§ **Exercise instructions**: For this exercise, reproduce only the lines from the one holding "活動安排了精彩的文藝節(ji" through the final line of the data below, exactly, and omit pictures.

Data items
=== Section Start ===

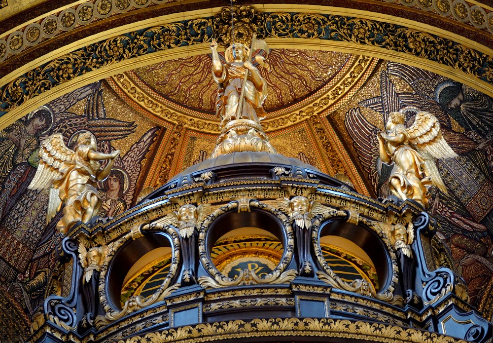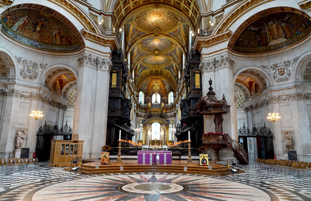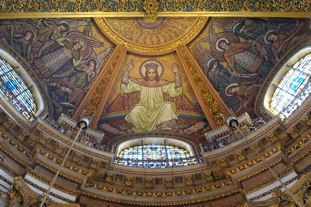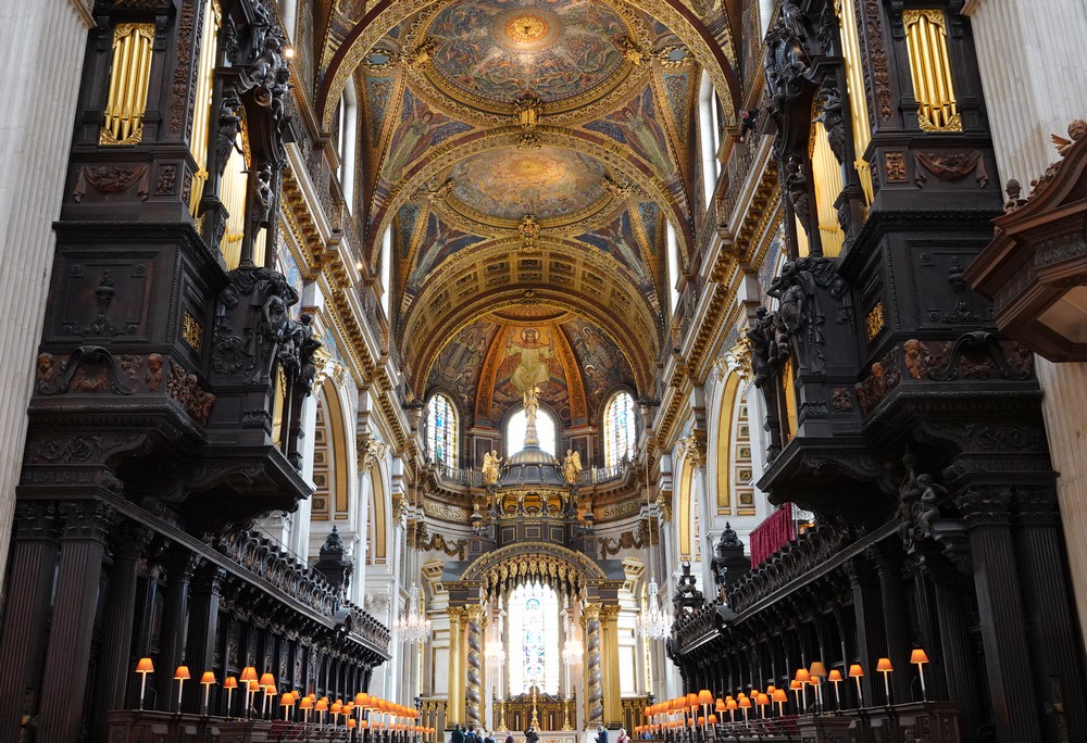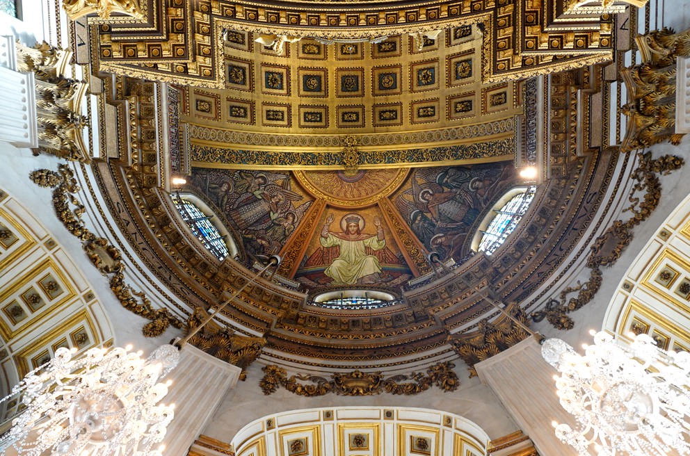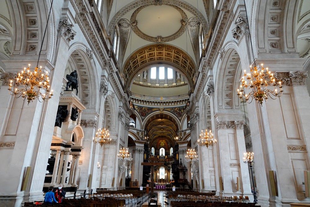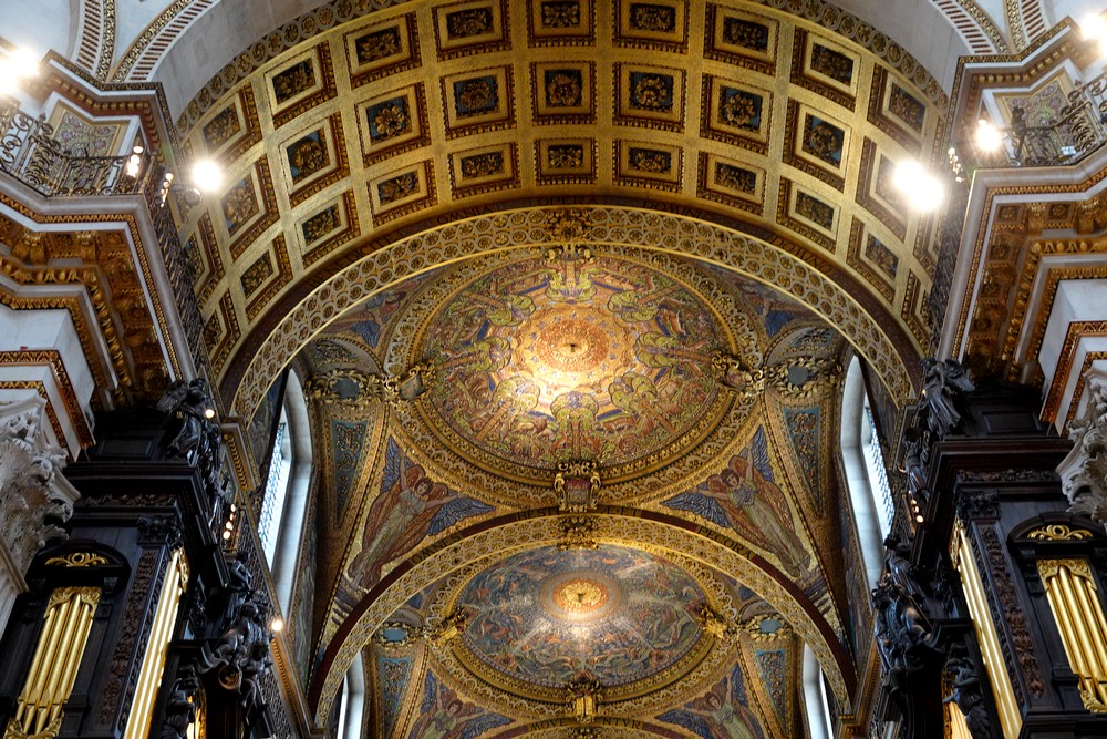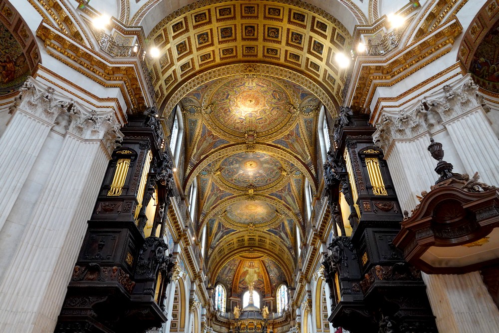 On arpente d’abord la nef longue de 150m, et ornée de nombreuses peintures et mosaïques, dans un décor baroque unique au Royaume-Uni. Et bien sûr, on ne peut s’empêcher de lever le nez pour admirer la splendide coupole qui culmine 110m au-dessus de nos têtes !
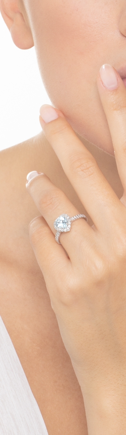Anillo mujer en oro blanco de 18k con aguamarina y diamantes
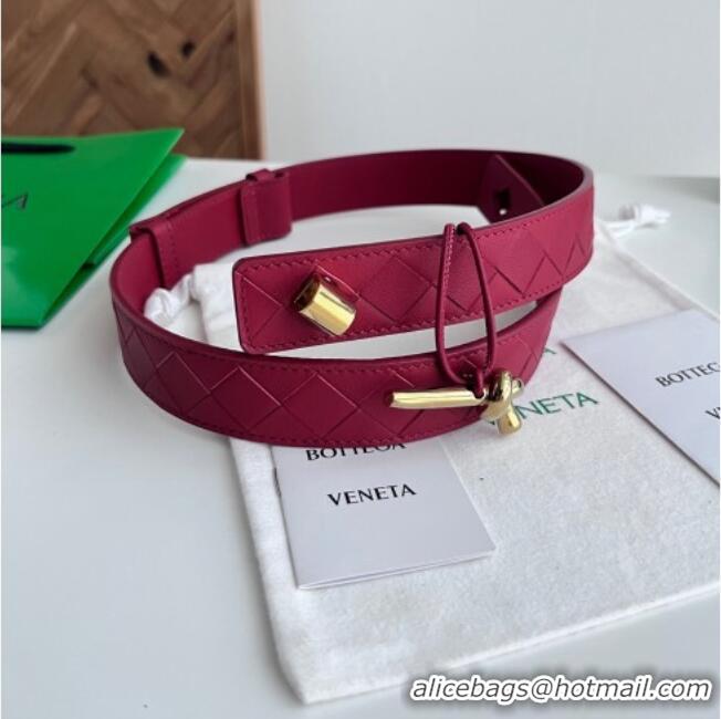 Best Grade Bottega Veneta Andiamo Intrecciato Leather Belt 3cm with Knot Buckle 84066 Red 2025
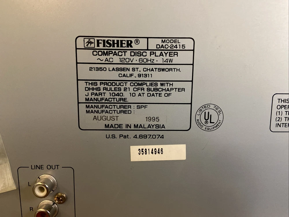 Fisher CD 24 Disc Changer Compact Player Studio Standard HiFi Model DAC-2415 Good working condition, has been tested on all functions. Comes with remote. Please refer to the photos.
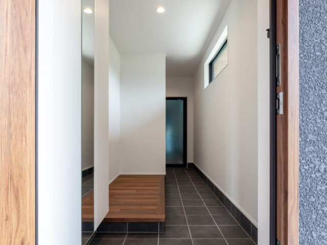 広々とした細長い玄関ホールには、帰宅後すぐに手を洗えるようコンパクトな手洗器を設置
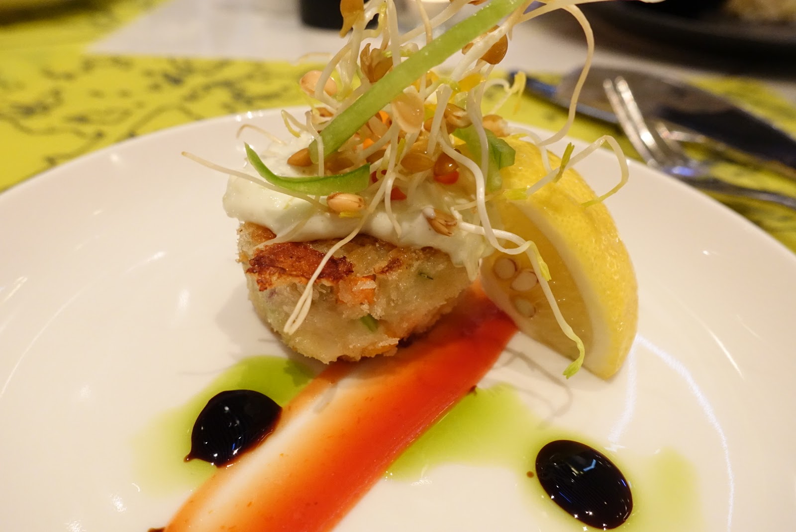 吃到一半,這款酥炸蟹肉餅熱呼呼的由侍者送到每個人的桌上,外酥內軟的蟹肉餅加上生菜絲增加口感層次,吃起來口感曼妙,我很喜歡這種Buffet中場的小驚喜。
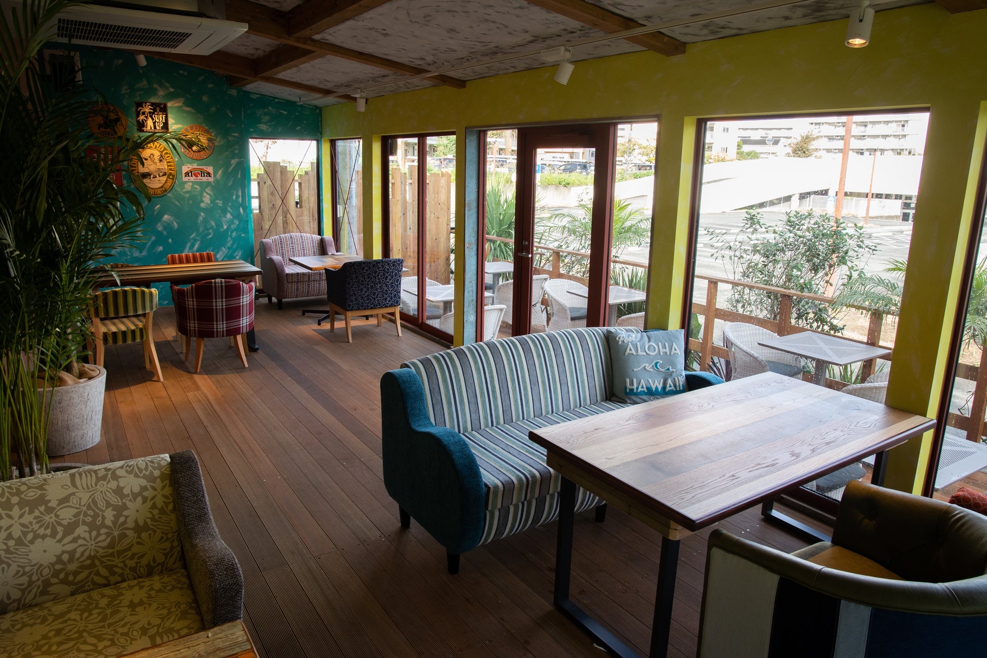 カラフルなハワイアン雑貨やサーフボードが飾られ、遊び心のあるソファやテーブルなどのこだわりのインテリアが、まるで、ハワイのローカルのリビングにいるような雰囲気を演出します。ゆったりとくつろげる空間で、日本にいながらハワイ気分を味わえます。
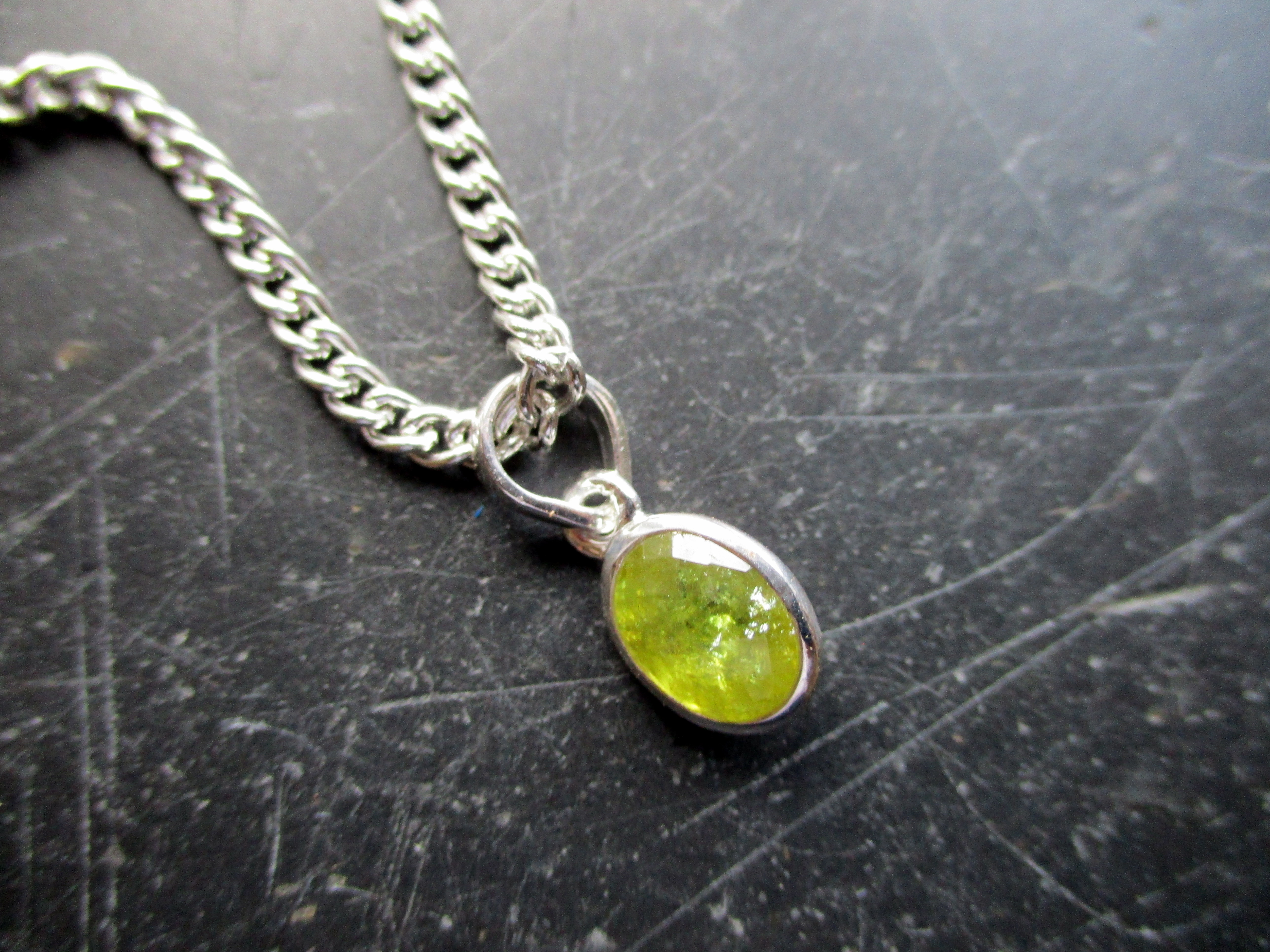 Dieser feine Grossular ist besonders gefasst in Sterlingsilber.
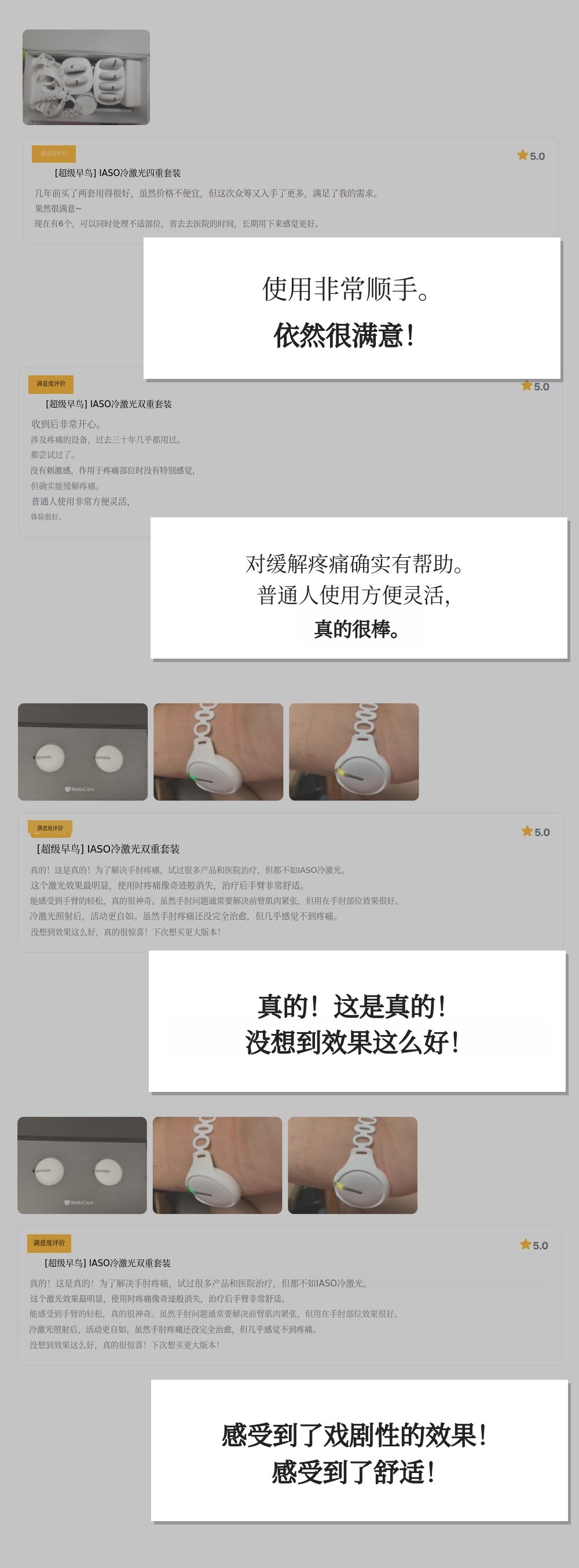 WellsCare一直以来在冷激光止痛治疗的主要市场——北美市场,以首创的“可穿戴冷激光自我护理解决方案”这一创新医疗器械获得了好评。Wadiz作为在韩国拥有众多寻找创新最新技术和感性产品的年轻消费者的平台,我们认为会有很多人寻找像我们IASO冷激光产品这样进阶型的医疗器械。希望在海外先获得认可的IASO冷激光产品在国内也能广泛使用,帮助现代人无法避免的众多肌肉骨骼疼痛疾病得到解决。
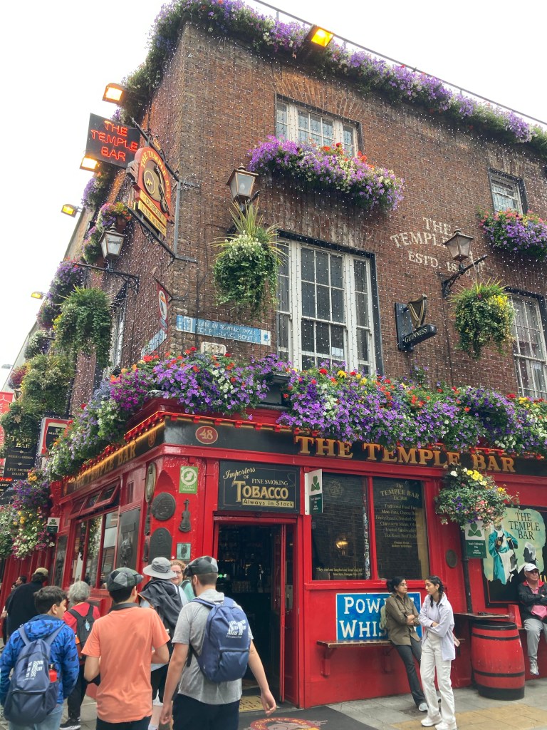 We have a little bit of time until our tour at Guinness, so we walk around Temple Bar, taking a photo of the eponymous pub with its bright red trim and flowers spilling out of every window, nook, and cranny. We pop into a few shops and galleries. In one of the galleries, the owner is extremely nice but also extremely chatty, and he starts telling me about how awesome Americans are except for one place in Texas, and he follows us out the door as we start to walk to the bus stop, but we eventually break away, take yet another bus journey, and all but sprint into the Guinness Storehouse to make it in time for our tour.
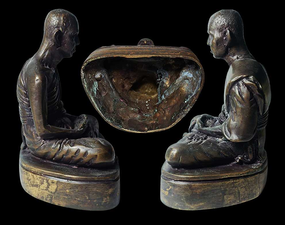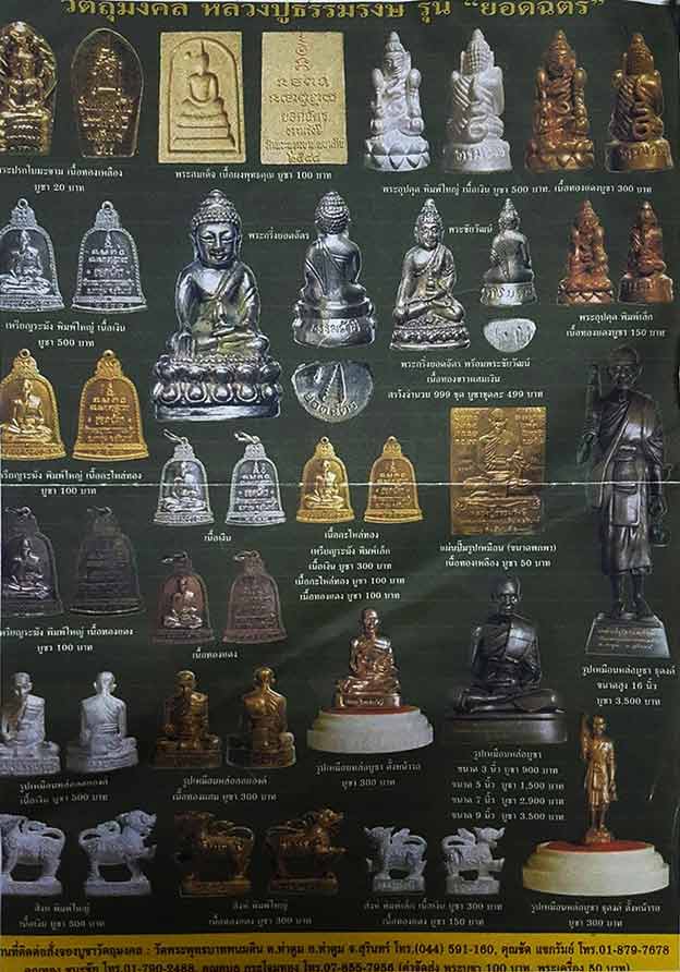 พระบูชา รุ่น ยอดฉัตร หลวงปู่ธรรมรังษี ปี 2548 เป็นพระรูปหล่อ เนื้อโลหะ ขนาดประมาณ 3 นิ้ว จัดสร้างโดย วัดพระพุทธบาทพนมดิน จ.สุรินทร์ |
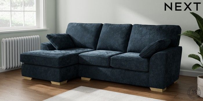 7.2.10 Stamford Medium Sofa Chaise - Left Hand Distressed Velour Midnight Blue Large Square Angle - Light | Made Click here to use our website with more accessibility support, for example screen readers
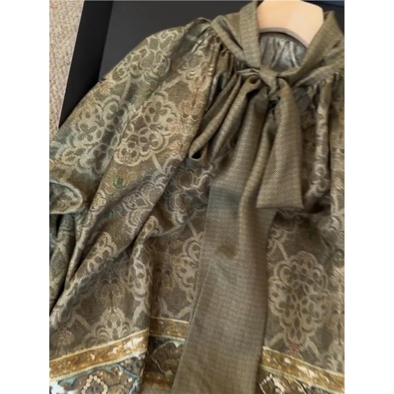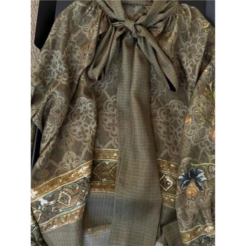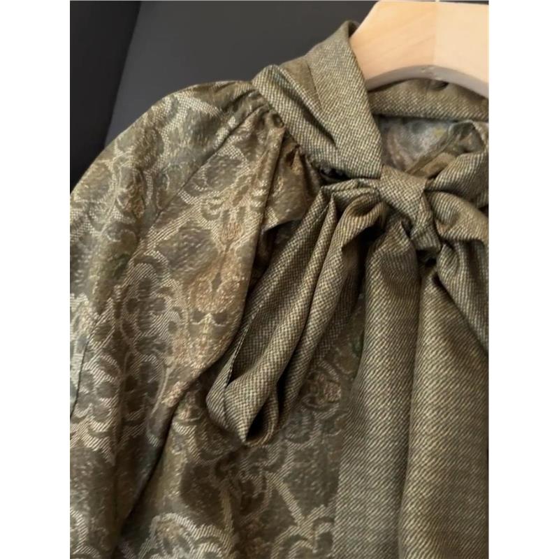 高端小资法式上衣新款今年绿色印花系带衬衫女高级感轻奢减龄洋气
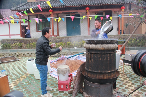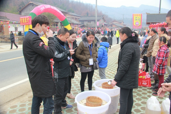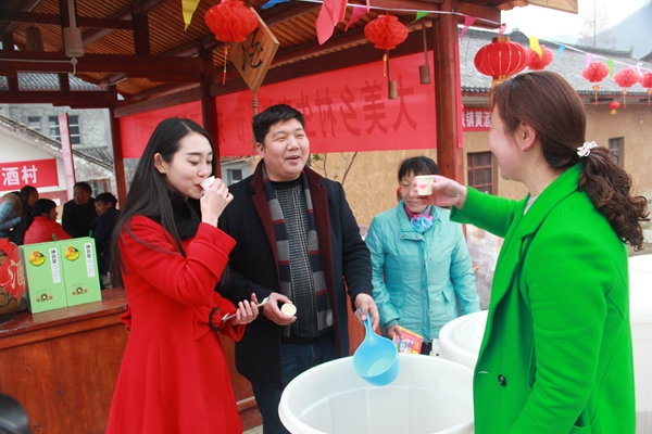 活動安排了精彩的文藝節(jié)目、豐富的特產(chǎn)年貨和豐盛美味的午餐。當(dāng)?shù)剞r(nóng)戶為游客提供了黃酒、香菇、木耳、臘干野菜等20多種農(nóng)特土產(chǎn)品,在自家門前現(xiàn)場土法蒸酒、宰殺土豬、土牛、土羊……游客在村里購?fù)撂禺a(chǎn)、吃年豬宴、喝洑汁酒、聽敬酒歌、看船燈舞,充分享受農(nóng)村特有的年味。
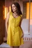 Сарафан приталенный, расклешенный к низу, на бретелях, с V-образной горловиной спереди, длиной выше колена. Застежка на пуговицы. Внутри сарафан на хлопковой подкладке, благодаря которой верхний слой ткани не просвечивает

=== Section End ===

§ **Response below**:
 活動安排了精彩的文藝節(jié)目、豐富的特產(chǎn)年貨和豐盛美味的午餐。當(dāng)?shù)剞r(nóng)戶為游客提供了黃酒、香菇、木耳、臘干野菜等20多種農(nóng)特土產(chǎn)品,在自家門前現(xiàn)場土法蒸酒、宰殺土豬、土牛、土羊……游客在村里購?fù)撂禺a(chǎn)、吃年豬宴、喝洑汁酒、聽敬酒歌、看船燈舞,充分享受農(nóng)村特有的年味。
 Сарафан приталенный, расклешенный к низу, на бретелях, с V-образной горловиной спереди, длиной выше колена. Застежка на пуговицы. Внутри сарафан на хлопковой подкладке, благодаря которой верхний слой ткани не просвечивает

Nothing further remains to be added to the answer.